# demande d'aide svp.. infuse pro et synology



## jeje434 (21 Décembre 2019)

Bonjour à tous

Depuis peu j'utilise l'apple tv 4k.
J'ai installé infuse pro.

Sur mon nas, j'ai crée un dossier partagé où j'ai mis mes vidéos.

Mon iphone les trouve bien mais pas l'apple tv. La bibiotheque n'affiche aucune vidéo

Vous avez un tuto pour parametrer l'apple tv avec un synology?

merci par avance


----------



## edenpulse (21 Décembre 2019)

Il faut ajouter les dossiers partagés a Infuse, se connecter à ton NAS avec tes identifiants...


----------



## jeje434 (21 Décembre 2019)

edenpulse a dit:


> Il faut ajouter les dossiers partagés a Infuse, se connecter à ton NAS avec tes identifiants...


Bonjour et merci pour ton aide .

ce que je fais :
- sur mon nas j ai crée un dossier vidéo 
- sur infuse j ajoute l accès à ce dossier en mettant mes identifiants nas .
Le dossier Video s affiche bien mais la bibliothèque est pas visible ..


----------



## alexandre90maty (1 Janvier 2020)

C'est exactement ça ! Moi j'ai créé un dossier VIDEOS partagé, dans lequel j'ai fais mes sous fichier films,  série, spectacle...

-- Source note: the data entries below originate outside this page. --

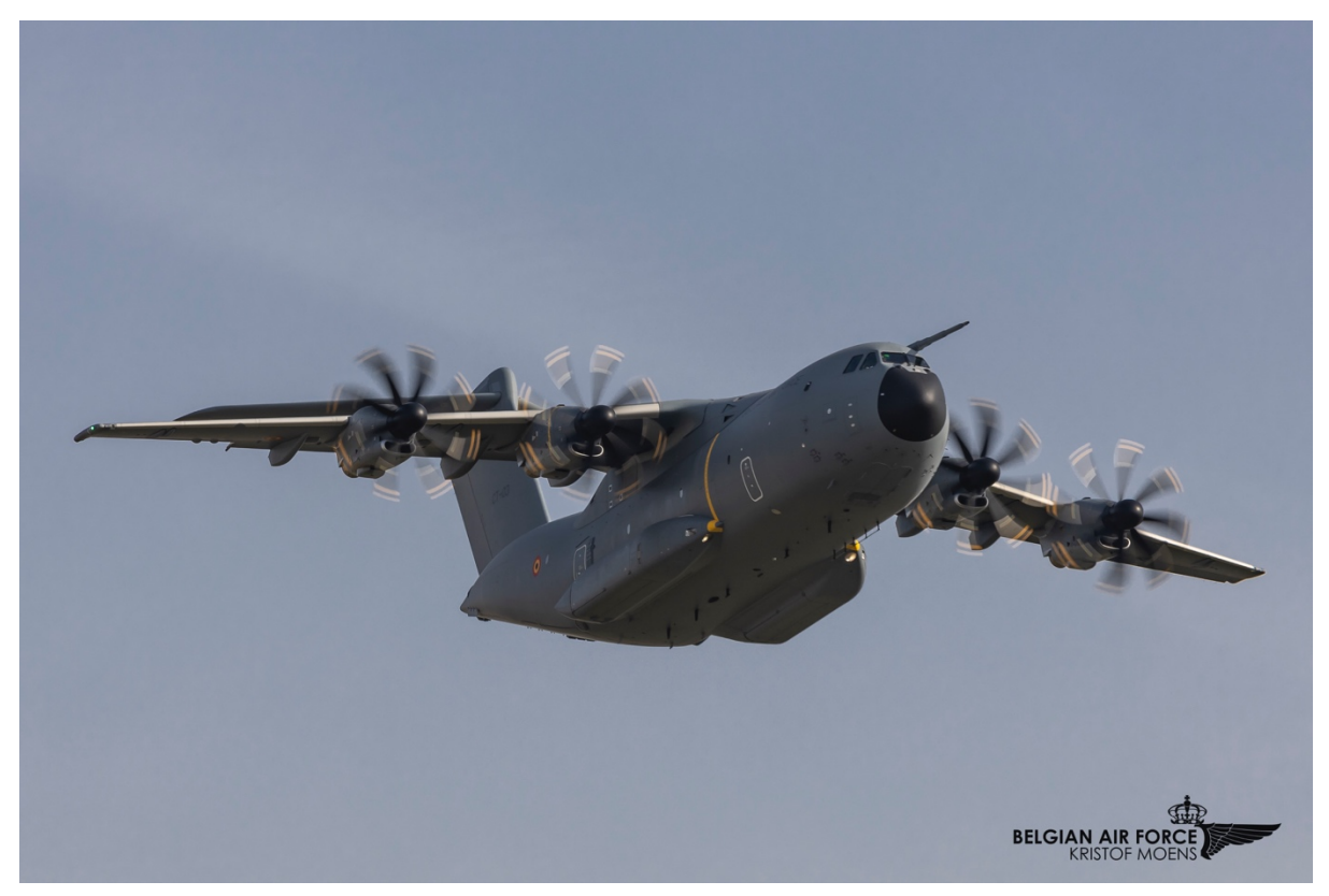
Approach of Airbus A400M towards Melsbroek
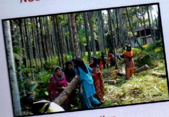
NSS units in action
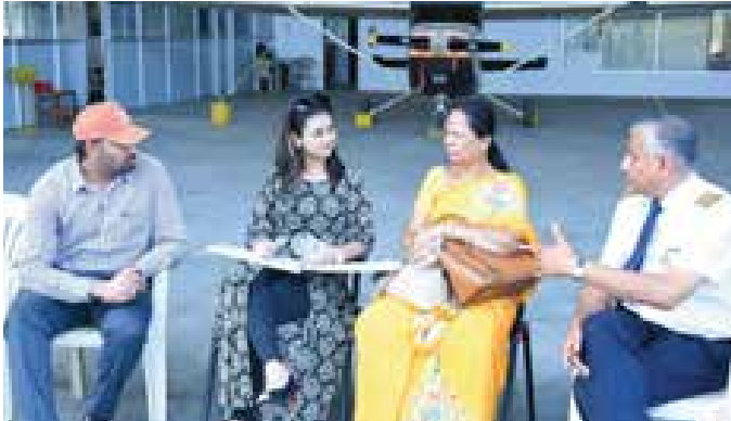
Actress Ms.Amoolya visited the Hangar

D'ailleurs j'en profite pour te demander car je suis pareil que toi NAS synologie DS215j + Apple TV 4K : si jamais tu sais pourquoi des fichiers apparaissent sur l'apple TV du style "The 100" apparait à l'écran comme "SDGMLK4331" et 2ème question, je n'arrive pas a afficher toutes les jaquettes des dossiers de mes séries.. vu que c'est pas comme dans les films ou l'on peut éditer pour trouver le film...

si jamais tu sais


----------